There’s something about Michelin. It gets under chefs’ skin like an inscrutable parent. They insist they don’t care about the accolade but then Daddy Michelin arrives with airport Toblerones in his briefcase and there’s a rush of longing and relief, dreams fulfilled, tears shed before bedtime.
“Thank f**k,” the Greenhouse’s Mickael Viljanen said on stage receiving his second star in London at the clunkier than ever awards ceremony on Monday evening.
The Greenhouse's second star brings Dublin's haul of two-star restaurants back to two for the first time in more than a decade since Kevin Thornton had his second star ripped painfully away. The Greenhouse has a refurbishment on the cards. It was a room makeover designed to land a second star. They can put away the swatches. The food has been more than enough for a long time.
In contrast Jordan Bailey and his wife Majken Bech-Bailey have had their doors open in Aimsir at the Cliff at Lyons in Kildare for roughly 20 weeks and they go home with two stars. That's what happens when you sweat the idea of Ireland on a plate down to the last atom and turn beef tripe into something that looks like it belongs in a jewellery box on top of raw Killenure Dexter beef and smoked Lough Neagh eel. A waiting list awaits your attempts to book the €115 tasting menu. There are six tables in Aimsir and it only opens four nights a week.
Irish Twitter feeds flambé-ed themselves coybig-style starting with chef Enda McEvoy was the first onstage to receive a much deserved sustainability award for his Galway restaurant Loam. There was a touch of having your gateaux and eating it about Michelin boss Gwendal Poullennec’s praise for the “unprecedented international growth” of the guide in one breath and handing out Michelin’s first sustainability award in the other.
Why did he choose a sustainable ethos, McEvoy was asked? “It’s the only way to go because we’re all facing an imminent crisis,” he said, in one of the more articulate responses of the event, compared to the “eh, so, yeah,” from a glistening band of male chefs who looked as comfortable under their grilling as lightly boiled lobsters.
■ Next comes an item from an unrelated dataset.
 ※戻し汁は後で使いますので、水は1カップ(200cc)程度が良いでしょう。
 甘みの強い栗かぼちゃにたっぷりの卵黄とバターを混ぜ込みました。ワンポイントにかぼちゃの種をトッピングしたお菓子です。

Michelin’s stellar scattering for Ireland was as much about business as it was about letting Irish cooking shine out from under the long shadow of London. It was hello new stars goodbye red book as the French tyre company announced that Michelin was going digital turning the glove box sized red books with their flimsy densely typed pages and red ribbon page marker into collectors items.
A coy photograph of an airplane window from Scottish chef Paul McDonald whose Kinsale restaurant Bastion took a star let that cat out of the bag earlier in the day. As a county, Cork now has a generous compliment of starred restaurants.
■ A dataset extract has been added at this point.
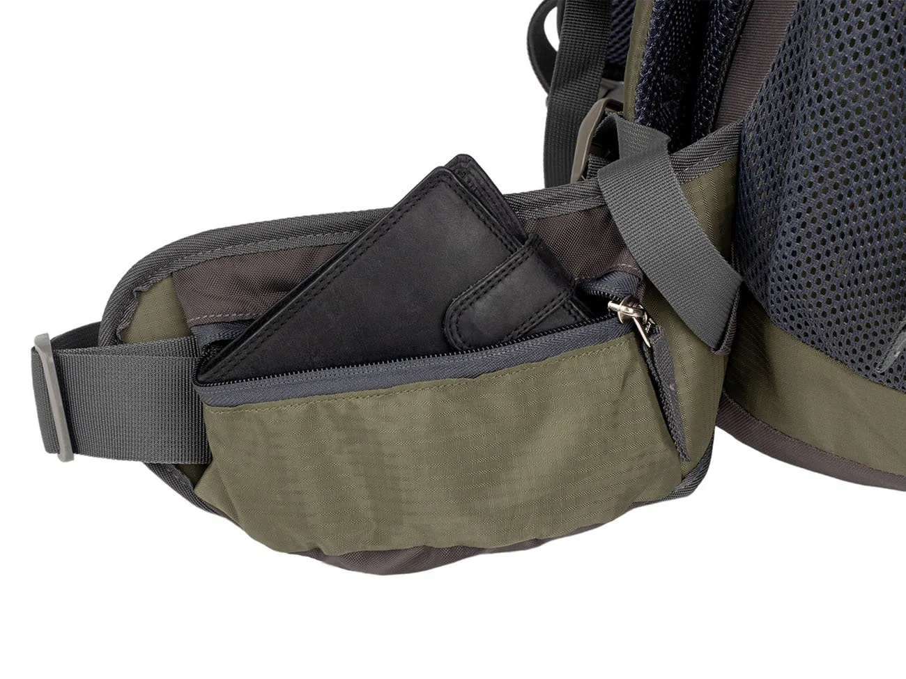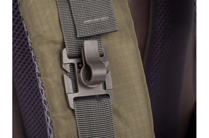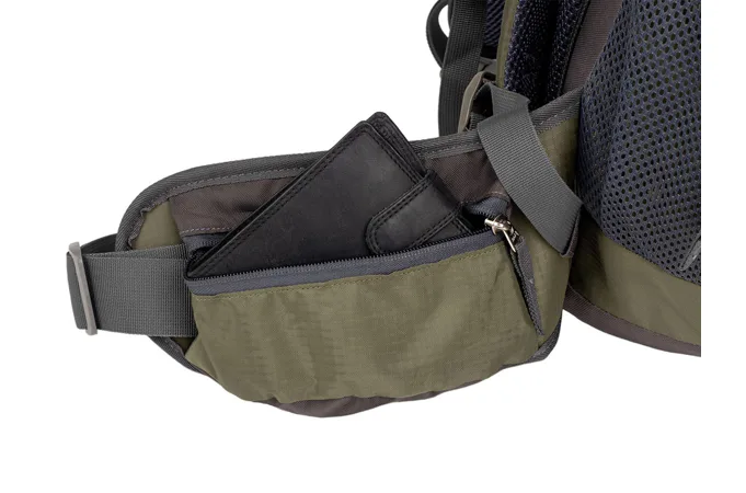 V zavíracím vrchním víku batohu je ještě další kapsa s úložním prostorem na zip. Dvě kapsičky na zip jsou i součástí rozšířeného popruhu v bederní části. V hlavní kapse batohu je všitá ještě plchá kapsa v pružinkou v horní části na oddělení drobnějších předmětů, které se nevejdou do oddělených kapsiček. V zadní části batohu nad ramenními popruhy je velké ucho na usnadnění přenášení batohu v rukách.

The Oak Room at Adare Manor in JP McManus's €30 million hotel took a star along with an award for sommelier Jurica Gojevic.
In stark contrast to the billionaire's hotel restaurant, Variety Jones brought a star to Dublin's Thomas Street, where chef Keelan Higgs decision to cook on fire came in handy when he couldn't get a gas connection for the first three months. Belfast chef Gareth McCaughey had a big week with a review on Saturday and a star on Monday for his fine city restaurant The Muddlers Club. It brings Belfast's haul of starred restaurants to three, a first for the city facing into the Brexit wind. The Muddlers Club was the darkhorse, the surprise winner and all the sweeter for it.